Thanks for William Kowinski's excellent review of David W. Orr's "Down to the Wire: Confronting Climate Change" (March 11), especially this quote from the book: "Climate change, like the threat of nuclear annihilation, puts all that humanity has struggled to achieve -- our cultures, art, music, literatures, cities, institutions, customs, religions and history, as well as our posterity -- at risk. Climate change, in other words, is not so much a problem to be fixed but rather a steadily worsening condition with which we must contend for a long time."

That puts everything else into perspective -- how a few thousand years of human history is suddenly bringing several billion years of life's evolution on this planet to a sharp precipice. The most immediate threat, of course, is deadly radiation released by nuclear weapons, power plant failure or terrorist use of fuel waste. But swiftly rising climate change is altering the earth's various habitats too quickly for most species to adjust, and many are close to extinction, boding ill for humanity.

One long generation -- my own -- has witnessed the automobilization of global society, with consequent urban sprawl and the wildly wasteful use of carbon-based fuels in transportation, housing and agriculture, not to mention the squandering of other resources, including vital topsoil, as well as massive removal of forests around the world.

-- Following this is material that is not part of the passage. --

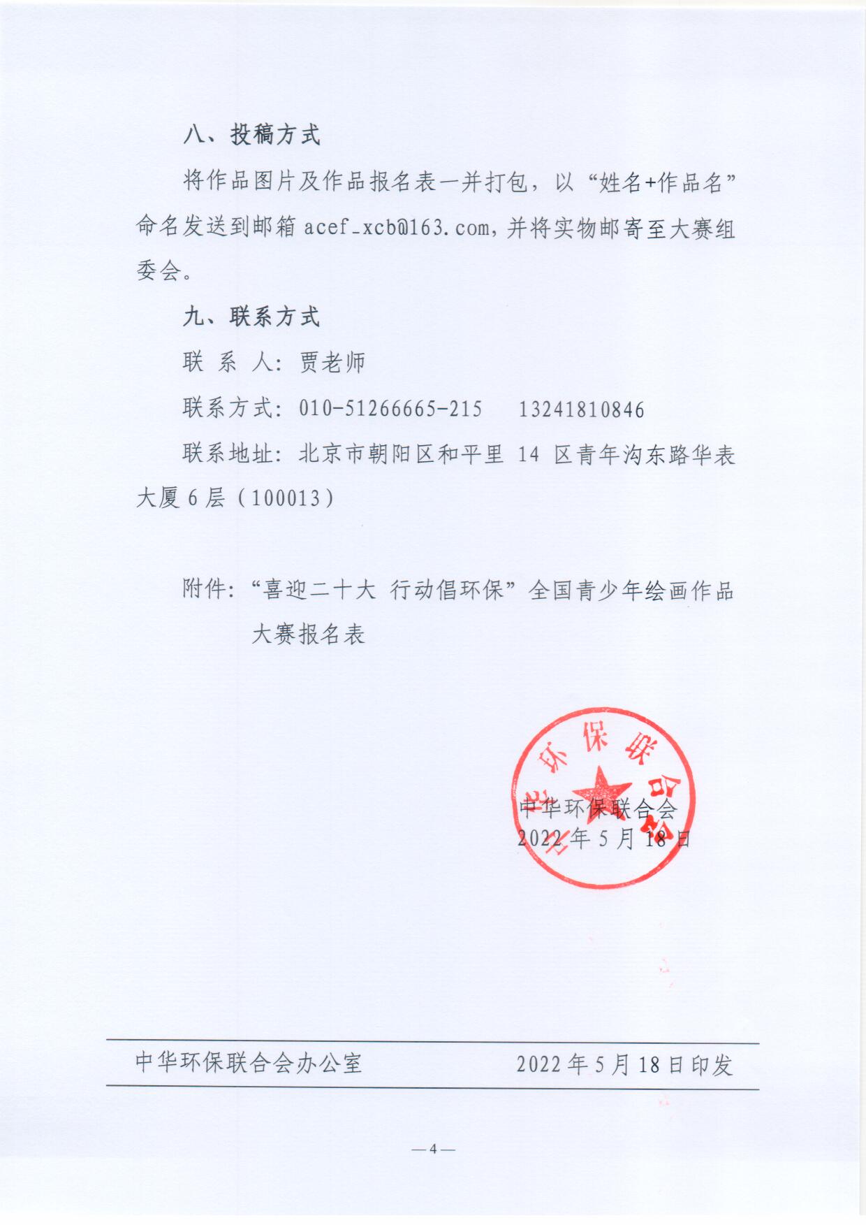 关于开展“喜迎二十大 行动倡环保”全国青少年绘画作品大赛的通知

Population, doubling and redoubling decade by decade, has compounded the assault on nature, with young and old alike surviving in unprecedented number, made possible by modern science, technology and industry, guided jointly by government and corporate management. Humanity is rapidly exhausting its biological base. We have been living a miracle while abusing and exploiting one another, and presume it will continue indefinitely.

But what will it take to reframe our economic aspirations in terms of ecological sanity and toward more responsible forms of human fulfillment? I believe that the key word is, indeed, "responsibility." Just as the limits of human freedom are open-ended, so are those of our responsibility, to and for ourselves, others, and the world -- all because we are a species of social beings made self-aware by our capacity for language. Such personhood is the core reality of human experience, underlying all our achievements and evils. It has been expressed symbolically in religion; now science explores consciousness. One way or another, we must see through the illusions in of our common life before they destroy us and our wondrous world. Books like Orr's and reviews like Kowinski's show the way.